We woke to a beautiful morning at our hotel on the shores of the beautiful Lake Taupō, which appears to be the largest lake in New Zealand. We had to get on the road early to make it to the pickup spot for the bus that would drop us off at the trail head for an epic hike up and over the world famous Tongariro Alpine Crossing. Mount Ngauruhoe’s cone like shape, which was where filming was done for the Mount Doom and Mordor scenes in the Lord of the Rings trilogy, was looming in the distance.
For anyone considering doing the hike, please know that in November 2023 we had to go online to obtain a free permit from the National Parks Service before we could do the hike. Because the trail head and end of the trail are on opposite sides of the mountain most people will need to book a shuttle to get to and from the hike. We used the Tongariro Crossing Shuttle which cost $60 NZD per person and were quite happy with their service and our driver was amazing.
At the trail head our bus had to navigate around a truck with a tanker trailer behind it, and when I took a closer look at the tanker I saw that it had “Jet Fuel” written on the side. That was curious given that we were in the middle of no where and in a national park. A few minutes later we all discovered why there would be a tank jet fuel there when a helicopter dropped off something it had been carrying by a cable underneath it and then landed to refuel. The “thing” it was carrying was a porta potty cassette, and it was interesting to watch as it made six or seven more trips during the first hour of our hike.
The start of the hike was a gentle incline on gravel paths alternating with boardwalks over some rocky areas. There were quite a few people starting the hike but we all soon stretched out over the trail.
As we progressed up the valley we started to enter lava fields with black clumpy boulders scattered around the boardwalk. The terrain became more and more desolate looking as we hiked closer to the beginning of the really steep part of the climb.
The most difficult portion of the climb found us zig zagging back and forth up a very steep hill of ancient lava debris and boulders.
We took our time and as we crested the steep section onto a table smooth lava plain, and were treated with amazing views of the valley we’d just hiked up on one side, the lava plain, as well as “Mount Doom.”
As we hiked across the lava plain there was a heavy mist on the far side of it that we ended up walking through on our way the crater ridge.
On the other side of the ridge were the world famous blue lakes of the Tongariro Crossing. It was a bit chilly and windy, but the sky’s were blue and beautiful. The next day we saw in the news that the weather had turned and they had to close down the trail because of the rain, cold and wind conditions.
The piercing blue lakes were in stark contrast with the mainly desolate lava and rock terrain with the occasional vent visible from the telltale sulfur laden steam coming from underground.

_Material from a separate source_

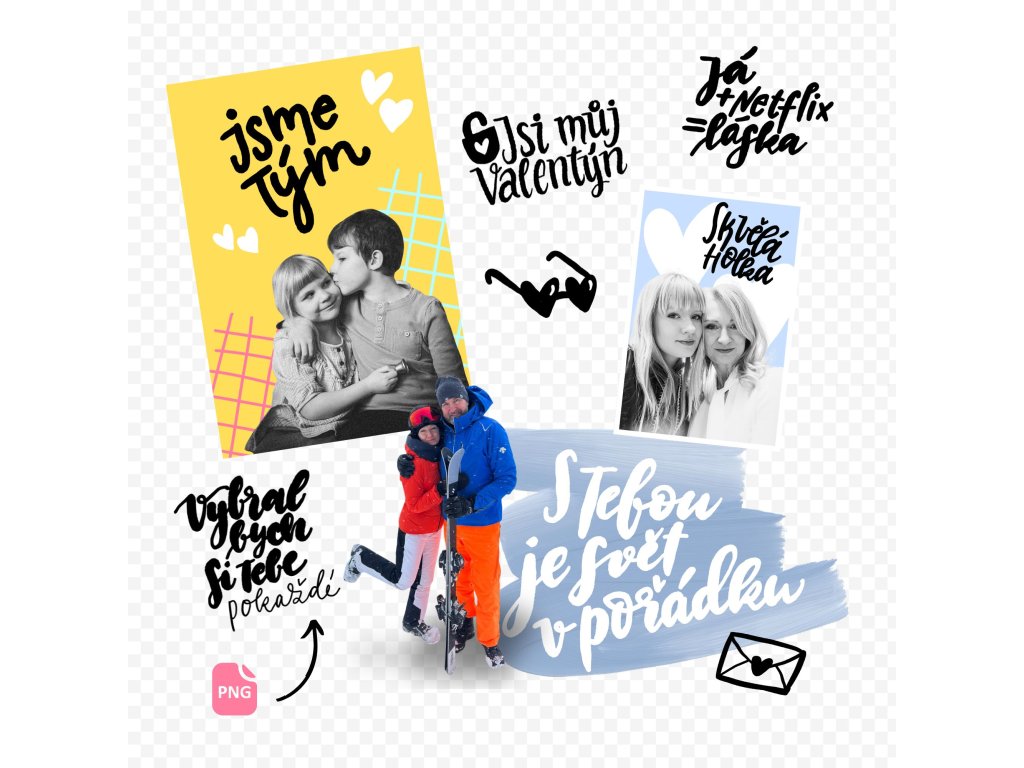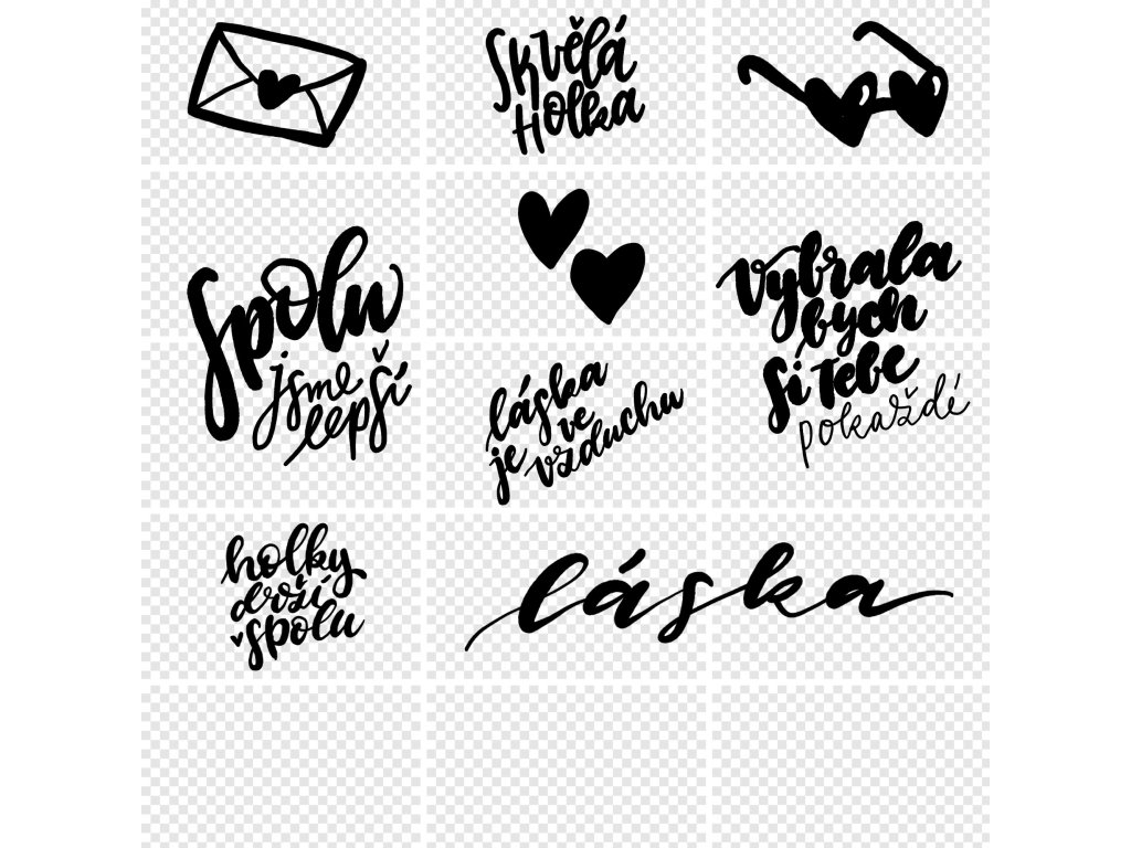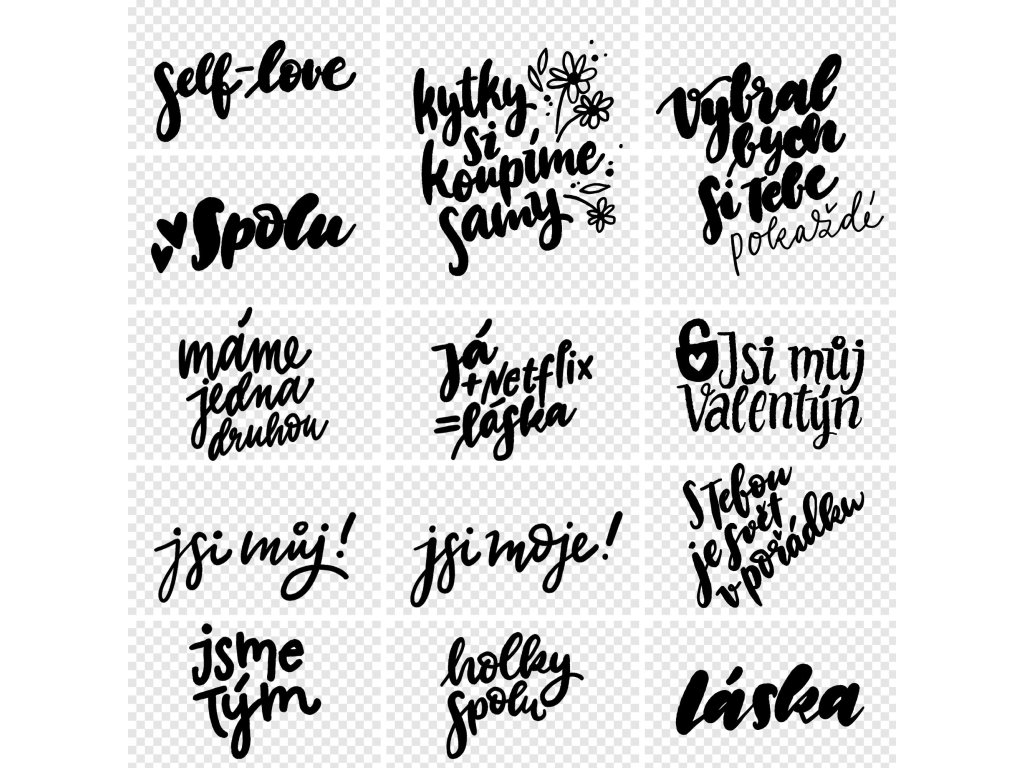 České digitální nápisy s tematikou lásky a přátelství. Nápisy můžeš využít k ozvláštění fotek, fotoalba nebo fotoknihy a nebo přáníčka - ta papírová, ale i ta, která posíláš online. Nápisy jsou snadno použitelné v běžně dostupných grafických editorech jako je například Canva.

Another flat lava plain we walked by had at some point been been partially covered by a newer clumpy and lumpy black lava flow as you can see below. There were even a couple of pockets of snow where shadows from the edge of the flow cast shadows.
As we started the down hill portion of the hike we noticed an old lava vent that looked like it was straight out of the Lord of the Rings movies and could easily have doubled as the entrance to Sauron’s Forge.

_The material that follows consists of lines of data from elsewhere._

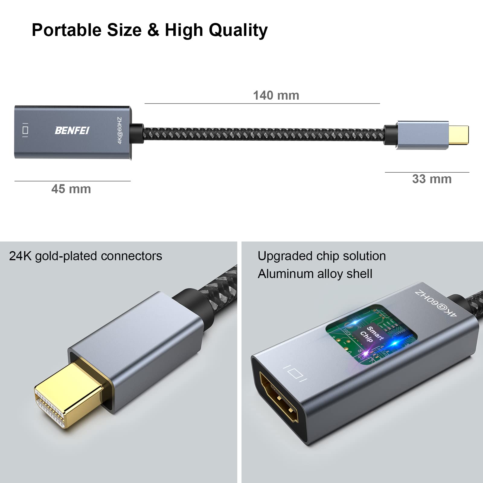 BENFEI Mini DisplayPort - HDMI、4K@60Hz アクティブ Mini DP - HDMI アダプター (Thunderbolt 2互換) MacBook Air/Pro、Surface Pro/ドック、モニター、プロジェクター対応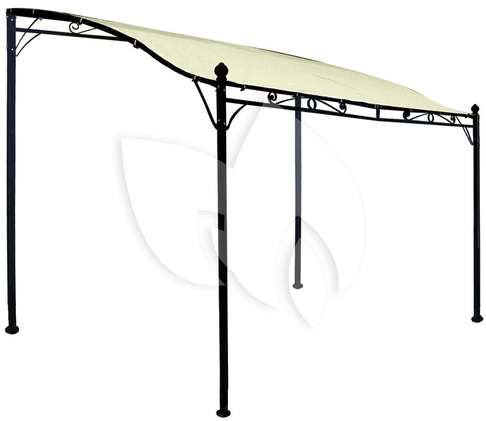 Het metalen frame is aflopend; de voorzijde is lager dan de achterkant van het paviljoen. De dakbedekking is gemaakt van polyester in de kleur ecru. Het doek is afgewerkt met een waterdichte PVC coating zodat u en uw tuinmeubelen droog blijven tijdens een regenbui. Het doek wordt eenvoudig bevestigd met klittenband. Dit maakt het eenvoudig het doek te verwijderen zodra het tuinseizoen over is, u kunt het doek dan binnen opbergen om de levensduur te verlengen.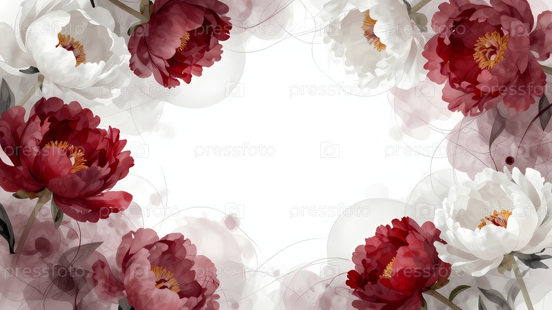 На светлом фоне показана группа красно-бургундских и белых пион.Цветы создают декоративную границу вокруг пустой центральной области Generative AI

One of the most interesting things I saw on the hike was some interesting looking coloured fluid coming out of a sulphur steam vent that emptied into the aqua marine blue lake near by.
Also interesting was the underwater vegetation in the lake that was thriving in this volcanic environment. In canada our blue alpine lakes seem to be devoid of visible aquatic vegetation, which I guess makes sense given how cold they are.
Unlike the freezing cold glacier fed blue lakes in Canada, these ones are probably warm. We didn’t dip our hands in to see how warm they are as the blue lakes on the mountain are sacred to the Maori peoples and we were asked by park staff to enjoy our views of the lake and not touch the water.
One our way down from the summit of the Tongariro Crossing, we walked through a handful of snow drifts in shadowy hollows on the south side of the mountains.
Eventually we were treated to stunning views of Lake Taupō and another smaller lake nearby as we made our way down the track to the shuttle pickup point.
Even in the scrub brush a fair ways down the mountain there were plenty of steaming sulfur vents that if you couldn’t see the steam near the ground, you could definitely smell them.
Hiking the Tongariro Alpine Cross was a challenging 5-hour hike for us, but was completely worth it given the amazing other worldly views we experienced!